Nossa decisão mais profunda é também a decisão que orientará nossas ações. Isto na TIP é chamado registro. O registro não é a memória de um acontecimento, mas a decisão em dar determinada resposta a uma determinada experiência. Esta resposta torna-se o modelo de resposta a situações no futuro que ativem o registro. Mas este registro só existe porque nós decidimos adotá-lo como nosso. Na TIP, utilizando a técnica da ADI, é preciso se conscientizar do registro que queremos nos livrar e buscar um outro, desta vez positivo, que tenha sido decidido em outra situação similar, substituindo o primeiro pelo segundo. Em muitas ocasiões pude ver que muitos projetos de vida que eu tive no passado foram abortados ou se tornaram insustentáveis porque, inconscientemente, eu havia decidido, ainda no útero materno, rejeitar o mundo que eu concebida como ruim e insuportável. E já que o mundo lá fora era uma droga, então que eu tornasse tudo um inferno mesmo.

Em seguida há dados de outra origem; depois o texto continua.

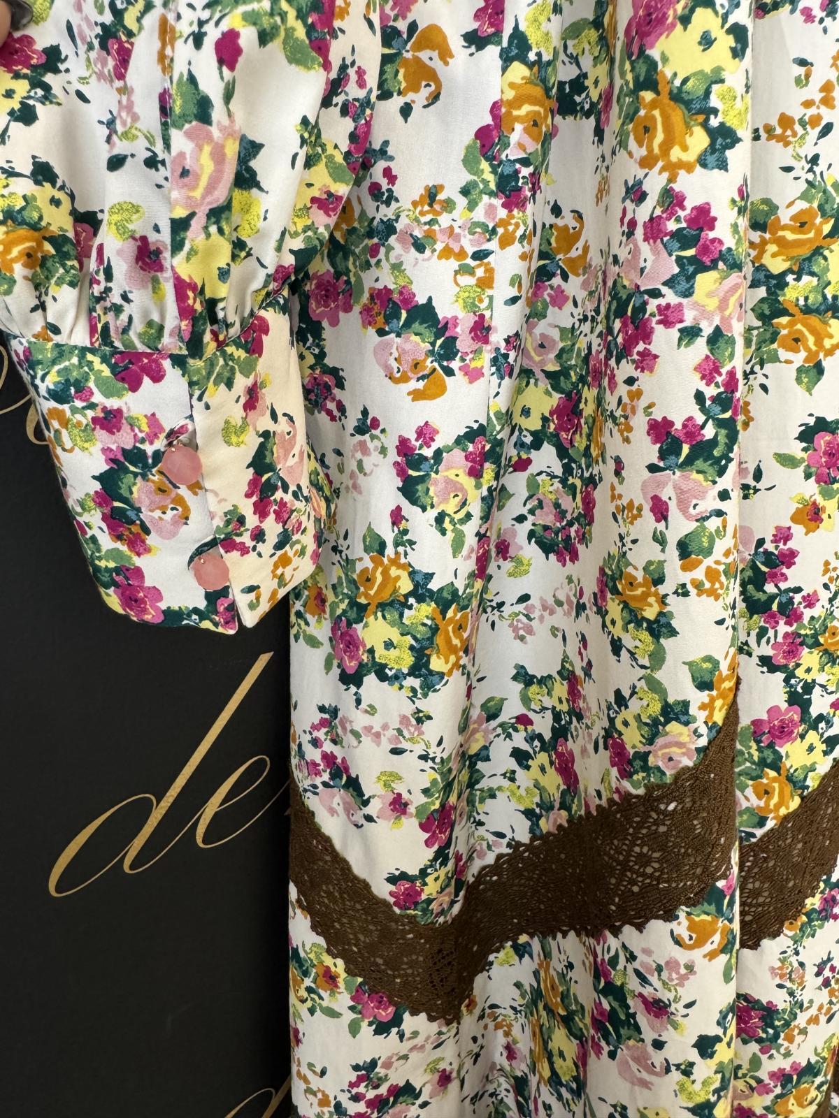 leur logetteアーカーイブのフラワープリント生地でショップ別注のギャザーワンピースをお作り頂きました。袖と裾に添えられたレースがが大人のかわいさを演出します。シンプルに一枚で着るだけで、華やかな雰囲気になります。着心地も楽ちんで軽やか。オールシーズンお召し頂けます。
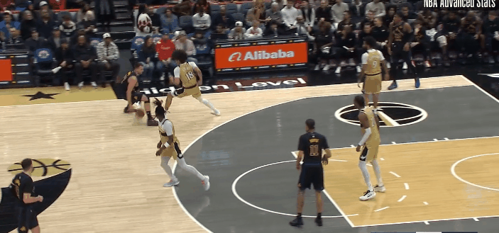 图1,萨尔夹击卢卡,卢卡起跳,还扫了一眼三分线,这才天马行空划给顺下艾顿,艾顿内切。
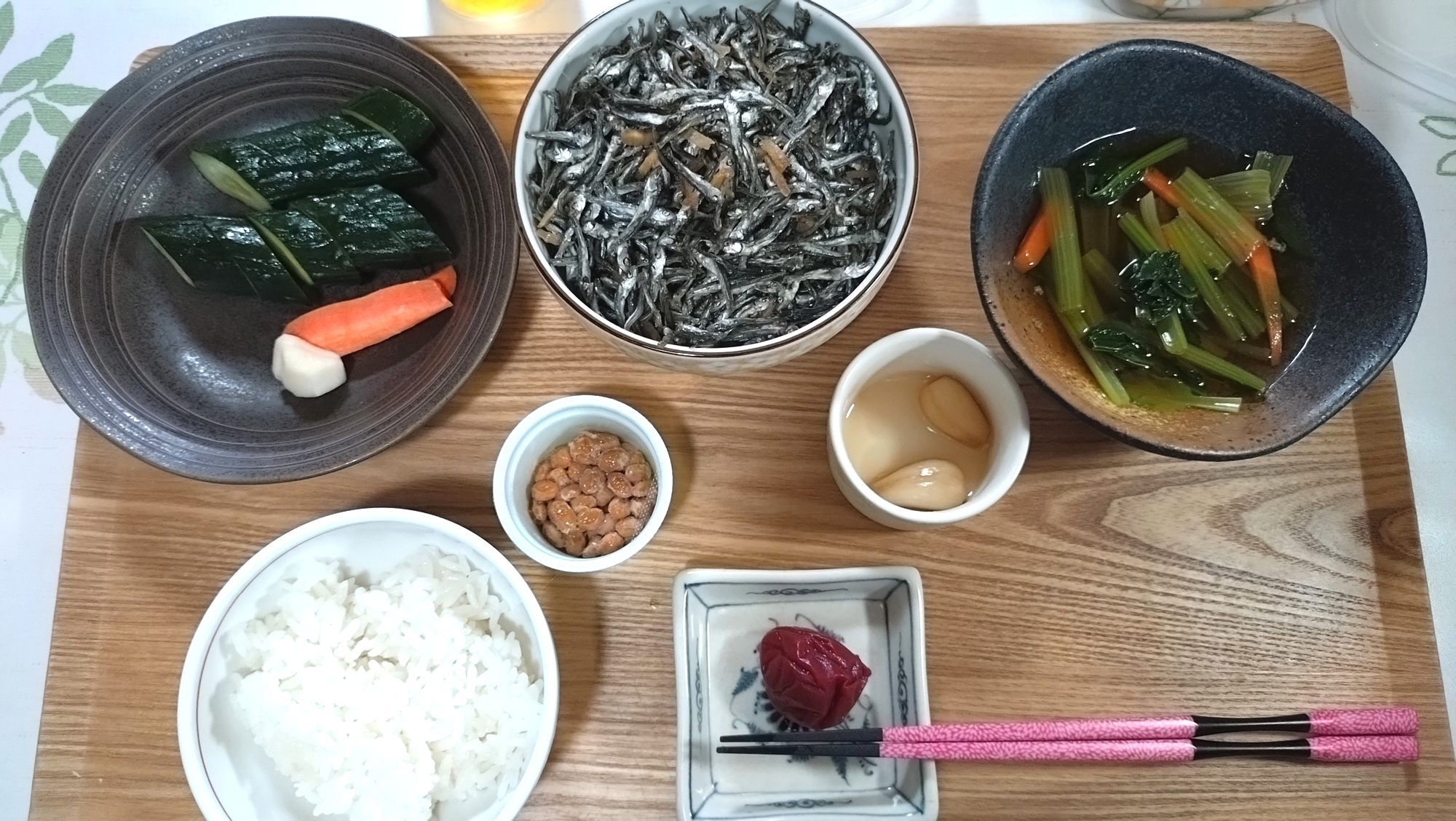 粗食です。残り物と常備菜、並べただけです(*’ω’*)
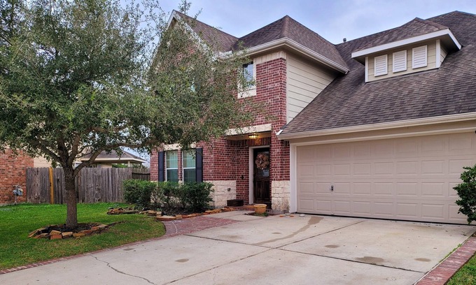A cozy homestead with neighborhood playground and splash pad, 30 minutes from Houston, Kemah, Galveston and Freeport. Two golf courses with 15 minutes of property. Fully fenced backyard for the kiddos or fur babies...!
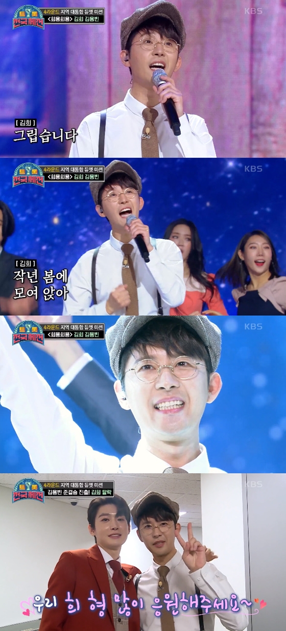 이후 4라운드 지역 대통합 듀엣 미션에서 김용빈과 백난아의 '찔레꽃'을 선곡해 무대에 섰다. '희용희용' 팀으로 김용빈과 무대를 꾸민 김희는 환상적인 호흡을 보여줬다.
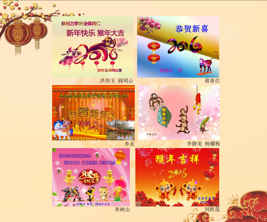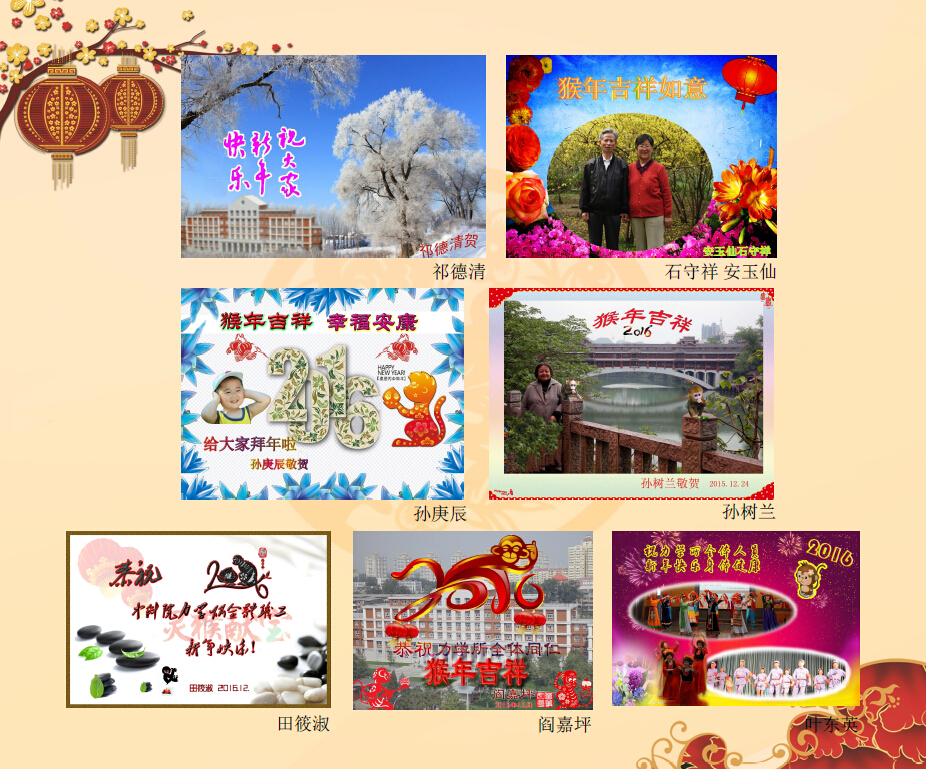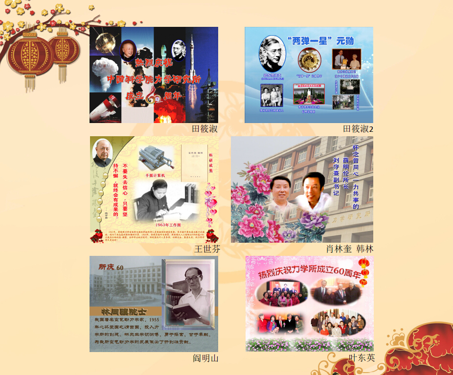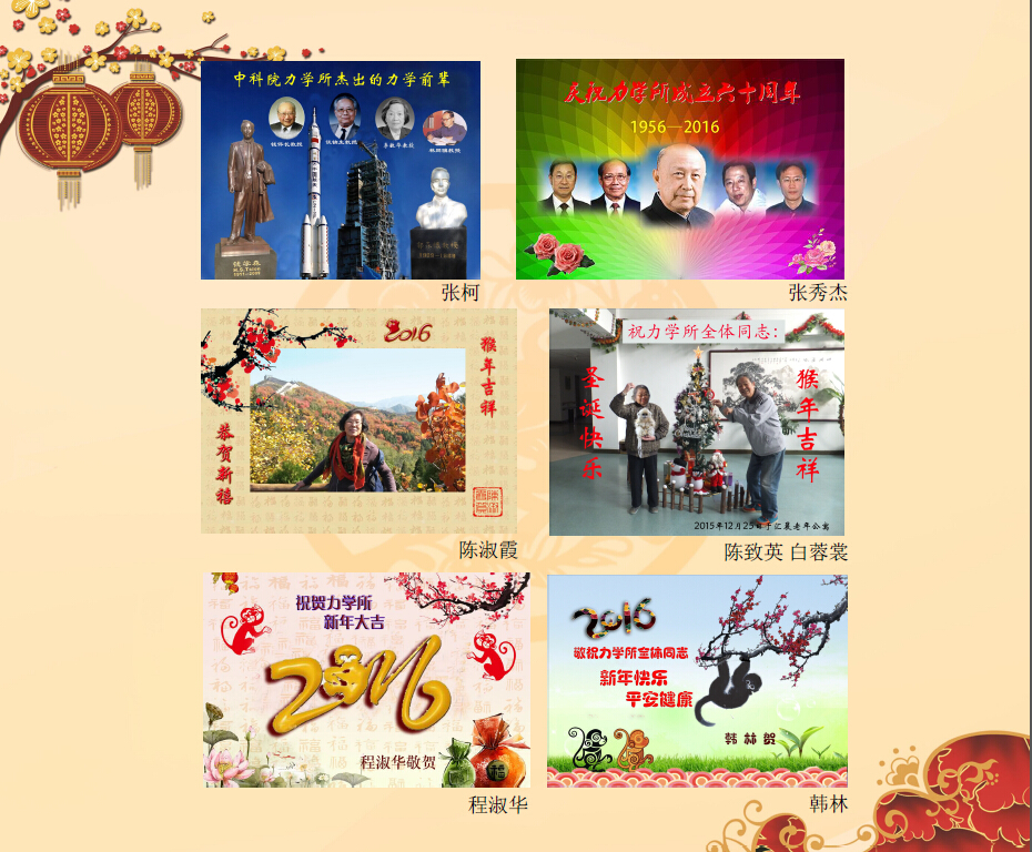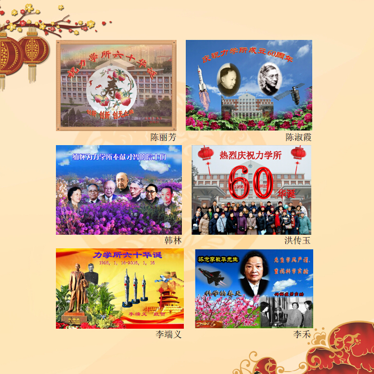 我们退休在力学所,我们仍然是力学所的一员,享受着力学所对我们的关心和照顾,老年生活丰富多彩。今天,在全所欢庆60大寿和迎接新年之际,我们用在电脑班学到的技巧,制作一些贺卡,表达我们对力学所的祝福和厚望:祝福我所成果累累、人才辈出,全所同志新年快乐、平安健康!

Acontece que na decisão de "ser luz" todos os meu projetos de vida passaram a ser afetados (tomo isso como hipótese, dado que este é um evento muito recente, de segunda-feira passada, e hoje é recém quarta-feira). Isto quer dizer que decisões futuras serão afetadas por esta nova decisão, este novo registro, inserido nas contingências em que eu vivo, mudará pelo menos em parte o rumo de minha vida. Assim espero, e é isto que a TIP nos propõe.
(Ir à guerra - ou detê-la - depende de decisões, apesar das contingências que possam dificultar sua execução. Na foto, soldado pró-Rússia na Ucrânia.)
A decisão de ser uma nova pessoa impacta diretamente suas ações, e aí voltamos ao contexto do livro de Berger e Luckmann: o impacto numa sociedade dependerá de decisões de certas pessoas que tomem a iniciativa de mudar o curso dos acontecimentos segundo suas limitações. Todo mundo gostaria de acabar com a violência, por exemplo, mas quem dispõe de meios capazes de eliminá-la ou ao menos contê-la? Quem tem conhecimento e, principalmente, meios de ação para tal? Foi esta realidade que encontrei no meu trabalho de mestrado, quando trabalhei com o ambiente hospitalar: decisões administrativas e iniciativas pessoais nem sempre chegavam ao resultado esperado, principalmente porque as pessoas não concordavam, ou seja, decidiam que certas atitude eram erradas e agiam contra. Quando procuro investigar algo sobre a Rússia não estou lá para falar com as pessoas, e busco o caminho inverso partindo do geral para descobrir o particular. Se vasculharmos as causas da guerra na Ucrânia, por exemplo, encontraremos muitos atores que aparentemente nada tinham a ver com a guerra, mas que foram determinantes para que ela acontecesse. Não me consta que conflitos armados aconteçam porque os canhões começaram a disparar sozinhos. Alguém puxou o gatilho, e tinha razões para isso, fossem elas justas ou não.
Pequenos ou grandes, visíveis ou invisíveis, pessoal ou mundial, tudo o que acontece é decisão nossa. A História é uma teia de atos precedidos por decisões. Ninguém se levanta da cama só porque acordou. Há uma razão para sair para trabalhar; a uma razão para começar ou parar uma guerra. Quando tomei a decisão de "ser luz" no mundo, não pretendia fazer nada de excepcional, mas não haverá mudança no rumo dos acontecimentos que nos afetam negativamente minha vida se não decidir por agir na direção contrária. E falo isso sem qualquer pretensão de grandeza, pois não só considero inviável como rejeito abertamente a ideia de um "mundo melhor" sem antes melhorar a mim mesmo, e rejeito ainda mais esta ideia com base num plano universal que é inevitavelmente imperfeito dada as contingências dos planejadores, tão limitados quanto qualquer um de nós. As decisões são necessárias tanto para o levantar da cama quanto para o planejamento de uma guerra. Tudo o que fazemos fazemos porque queremos e arcamos com as responsabilidades de nossas ações.